ECB officials raise fears over recovery


Posted on November 17, 2016

The European Central Bank’s governing council has delivered a bleak assessment of the eurozone’s economic prospects, suggesting that policymakers will unveil a fresh round of stimulus at their December vote.

Analysts expect the council to make a decision in early December on whether to extend its landmark quantitative easing programme past the current deadline of March 2017.

The minutes of the council’s 17 November meeting, published on Thursday, indicate an extension is likely, revealing the group of 25 officials is becoming increasingly concerned about the region’s recovery.

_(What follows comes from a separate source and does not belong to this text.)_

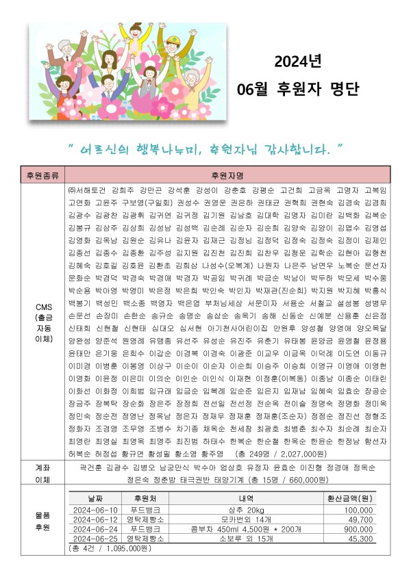 2024년 06월 후원자 현황입니다. 게시글 작성정보 작성자 서원노인복지관 작성일 24-07-04 15:36 조회수 471 댓글수 0 목록 게시글 본문 첨부파일 1개 2024년 06월 후원자 명단 홈페이지.jpg (2.0M) 0회 다운로드 첨부일시 : 2024-07-04 15:36:00 이전글 2024년 7월 자원봉사자 현황 24-08-01 다음글 2024년 6월 자원봉사자 현황 24-07-01 댓글 0 등록된 댓글이 없습니다. 목록
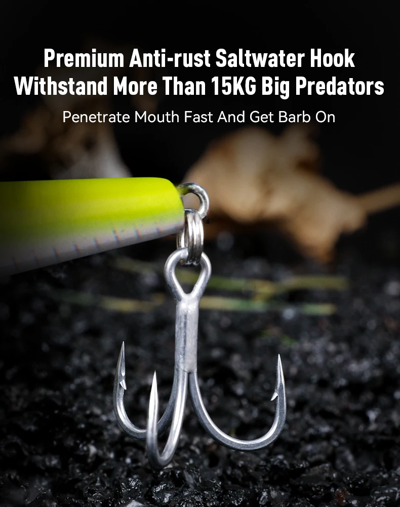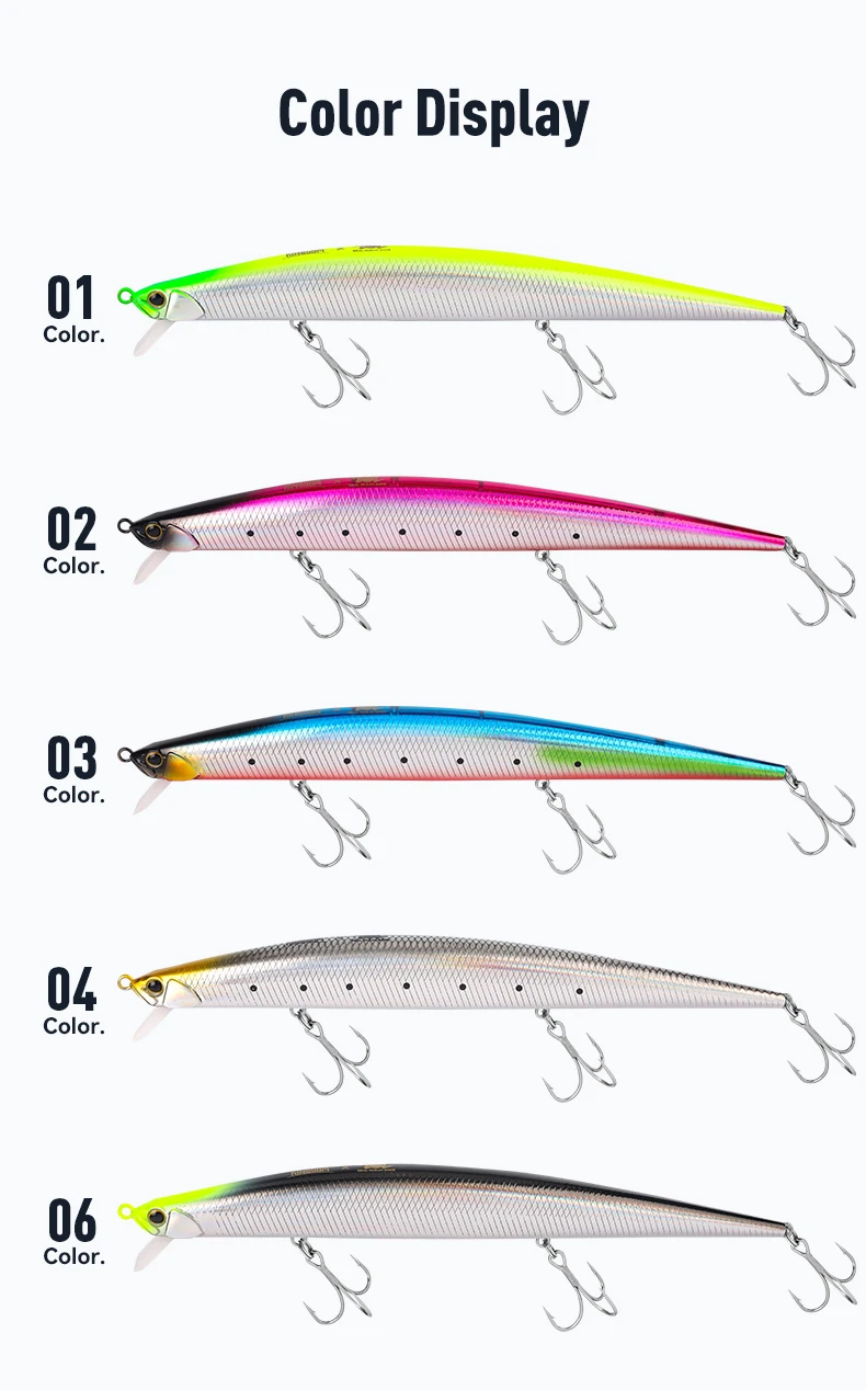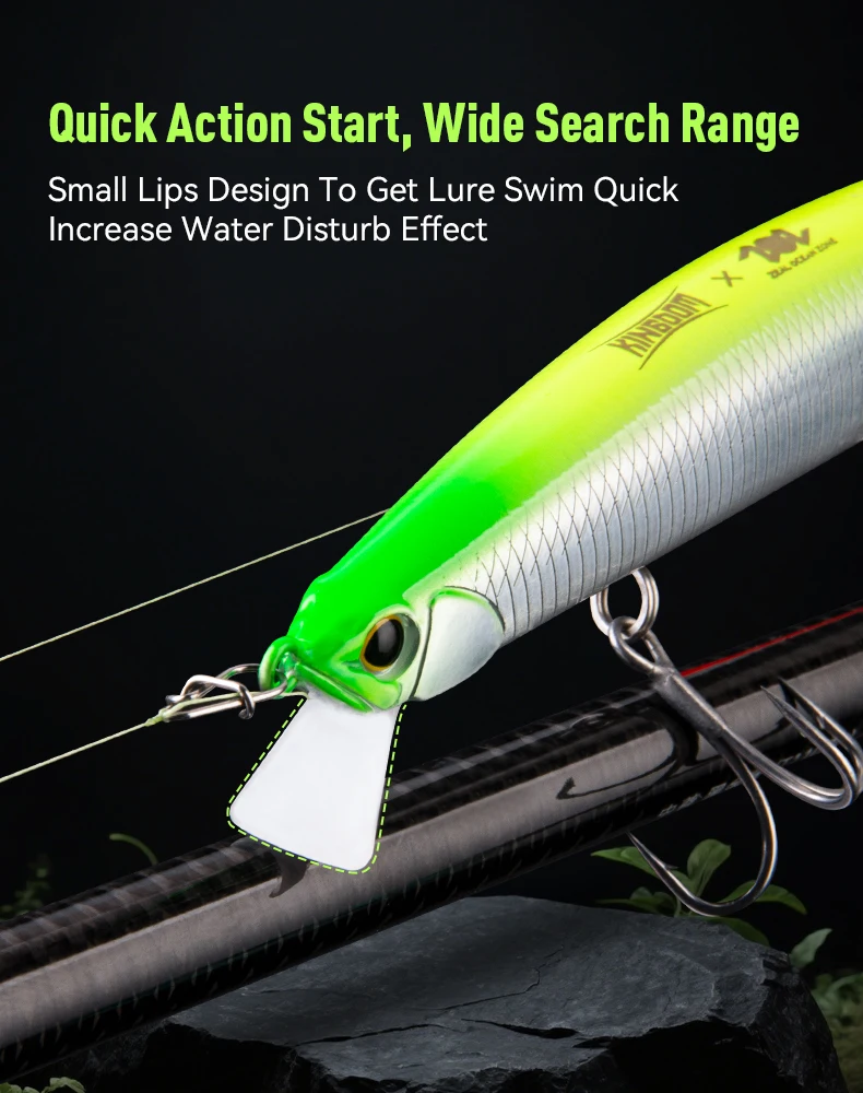 -Acción amplia y oscilante: la forma del pececillo, combinada con un labio de buceo, crea una oscilación apretada y una amplia acción de natación "S" que imita un pez lesionado o fugaz.Esta acción crea vibraciones en el agua que los depredadores pueden detectar con su línea lateral.

Fears over mounting protectionism, paltry wage growth and a lack of investment were among the risks flagged in the minutes.

Crucially for an institution whose sole official policy goal is an inflation target of just under 2 per cent, officials believed these risks to growth would weigh on inflation — which at 0.5 per cent remains disappointingly low.

“The prevalence of downside risks to the outlook for economic activity was seen to entail downside risks to the inflation outlook,” the minutes said.

While officials believed they did not yet have enough information to justify unleashing a fresh round of bond purchases, most agreed that they would be in a better position to do so by the time of the next policy vote on December 8.

The council will decide then whether to extend its landmark quantitative easing programme at the current pace of €80bn-worth of bond purchases a month. It could also announce changes to the design of the programme, to enable it to counter a scarcity in asset eligible for the eurozone’s central bankers to buy.

The minutes will only add to expectations that the ECB will continue to buy bonds at the same pace until at least the second half of 2017. Reports earlier this year had suggested that the ECB could begin to slow the pace of its purchases after the spring.